Tuesday 12 May 2009

18th International World Wide Web Conference


The 18th International World Wide Web Conference (WWW 2009) was recently held in Madrid. This is the forum in which Larry and Sergey introduced the "Google" search engine back in 1998. Conferences like WWW are highly beneficial for all attendees, as they provide a forum for constructive interactions and discussions among the diverse, global community that is contributing so much to the advancement of the web. As one of the major sponsors this year, Google contributed significantly in various scientific and social forums. Here's a short report of those activities:
  • Google and the Prado Museum collaboration: In January 2009, we announced a collaboration between Google Earth and Spain’s Museo del Prado, which lets people zoom in on some of the gallery’s main portraits and view them in a resolution so fine -- up to 14,000 megapixels -- that even individual brush strokes and cracks in the varnish are clearly visible. The Prado Museum has become the first art gallery in the world to provide access to and navigation of its collection in Google Earth. The initiative includes 14 of the Prado’s most famous paintings -- works by Francisco de Goya, Diego Velázquez, Hieronymus Bosch, Peter Paul Rubens, and more. Such ultra-high resolution imaging, enabling users to virtually feel, see and be present with the original masterpieces, is just one way in which the web can make important contributions to the art community. To celebrate this, Google hosted an event at the Prado Museum, where guests received a guided tour of some of the main exhibits, and had the opportunity to network with fellow researchers, academics and engineers, as well as Google's own Vint Cerf.
  • Research Contributions: Google contributed to the WWW conference by authoring or co-authoring several papers and presentations. I gave a keynote speech on The Continuing Metamorphosis of the web (you can read more about that topic on the Google Research blog).

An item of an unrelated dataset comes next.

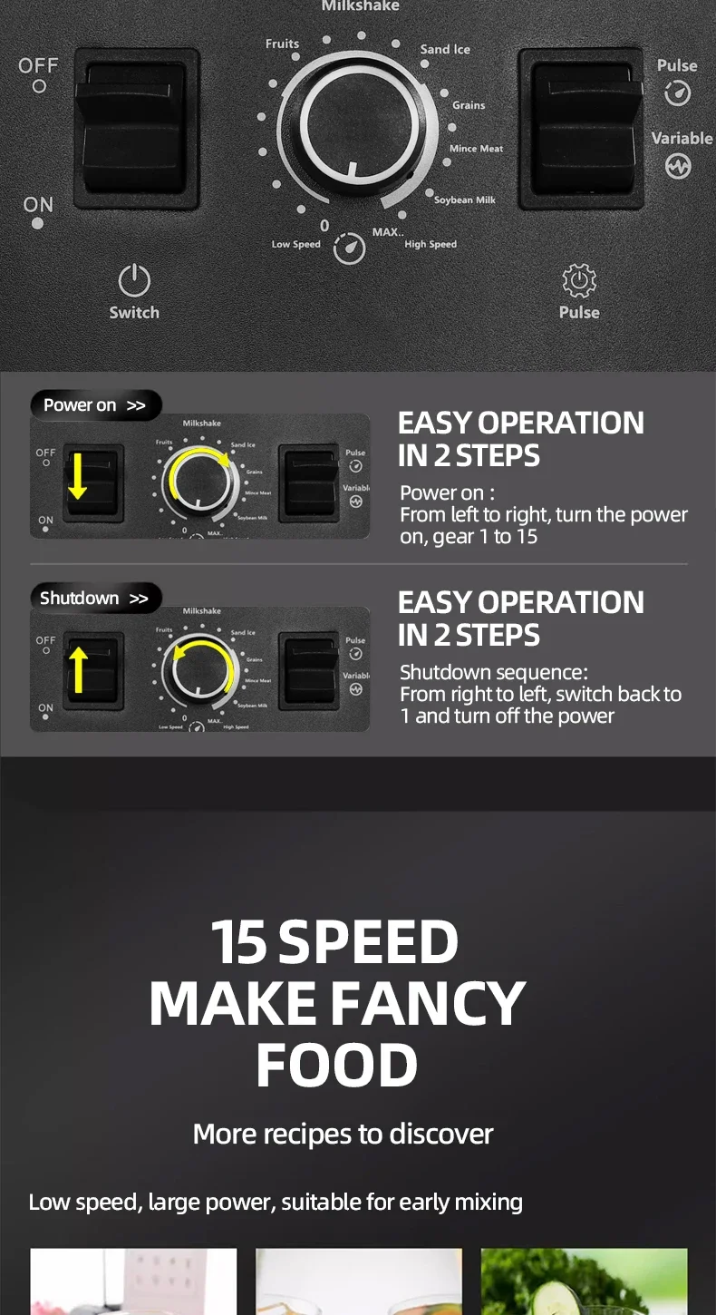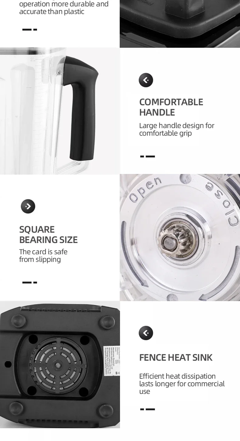 1. As soon as you received the blender, please add some water inside the container to test, DO NOT run it without anything inside as it’s a bad try for the coupling system, DO NOT grinding dry ingredients over 1 minute.

Some other papers to highlight are:
-- Sitemaps: Above and Beyond the Crawl of Duty, Uri Schonfeld, N. Shivakumar
-- Estimating the ImpressionRank of Web Pages, Z. Bar-Yossef & M. Gurevich
-- Detecting The Origin Of Text Segments Efficiently, O. Abdel-Hamid, B. Behzadi, S. Christoph & M. Henzinger
-- What's Up CAPTCHA? A CAPTCHA Based On Image Orientation, R. Gossweiler, M. Kamvar & S. Baluja
-- Computer and iPhones and Mobile Phones, oh my! A logs-based comparison of search users on different devices, M. Kamvar, M. Keller, R. Patel, and Y. Xu
-- Collaborative Filterin for Orkut Communities: Discover of User Latent Behaviour, W. Chen, J. Chu, J. Luan, H. Bai, Y. Wang, and E. Chang.
-- Fast Dynamic Reranking in Large Graphs, P. Sarkar, A. Moore
-- WEB 2.0: Blind to an Accessible New World, J. Hailpern, L.Guarino-Reid, R. Boardman, S. Annam
-- How Opinions are Received by Online Communities: A Case Study on Amazon.com Helpfulness Votes, C. Danescu, G. Kossinets, J. Kleinberg, L. Lee
-- Bid Optimization for Broad Match Ad Auctions, E. E. Dar, Y. Mansour, V. Mirrokni, M. Muthukrishnan & U. Nadav
-- General Auction Mechanism for Search Advertising, G. Aggarwal, S. Muthukrishnan, D. Pal & M. Pal

  • Best Paper Award and the Internet Monetization Track: The WWW program committee changed the best paper and poster process this year. They first chose several nominated papers from different tracks, and after seeking feedback from conference attendees, they chose their best paper: Ashish Goel's and Kamesh Munagala's Hybrid Keyword Search Auctions. The authors of this paper propose a unified approach to an auction for cost-per-click and cost-per-impression settings, and show promising properties of their proposed auction. The paper was presented in the Internet Monetization Track at WWW — a new track which, despite its short term at WWW, became very popular this year. Other tracks like web search, data mining, and the social web have been active at WWW for years and already attract many high-quality research papers. The best poster award went to a paper co-authored by Google's Monika Henzinger about Purely URL-based Topic Classification.
Before closing, I want to return to the Prado Museum collaboration with Google Earth: Now that there is really high resolution imaging and the ability to distribute it to a vast audience, the benefits of combining art and technology are greatly increased. In another medium, witness the success of the Metropolitan Opera's high definition broadcasts that are bringing that art form to a much larger audience. Another place where Google recently helped fuse technology and the arts was with the YouTube Symphony Orchestra. In the case of fine art, our collaboration with the Prado museum enables much broader access to the masterpieces while also providing museum attendees with an unparalleled opportunity to study details of the works before and after a visit. For example, the intense detail in Bosch's Garden of Earthly Delights is difficult to comprehend in front of the large, heavily visited triptych, but seeing the painting in person after some previous study makes it far more exciting. So, it would seem that we can use technology in the art world to achieve benefits for all.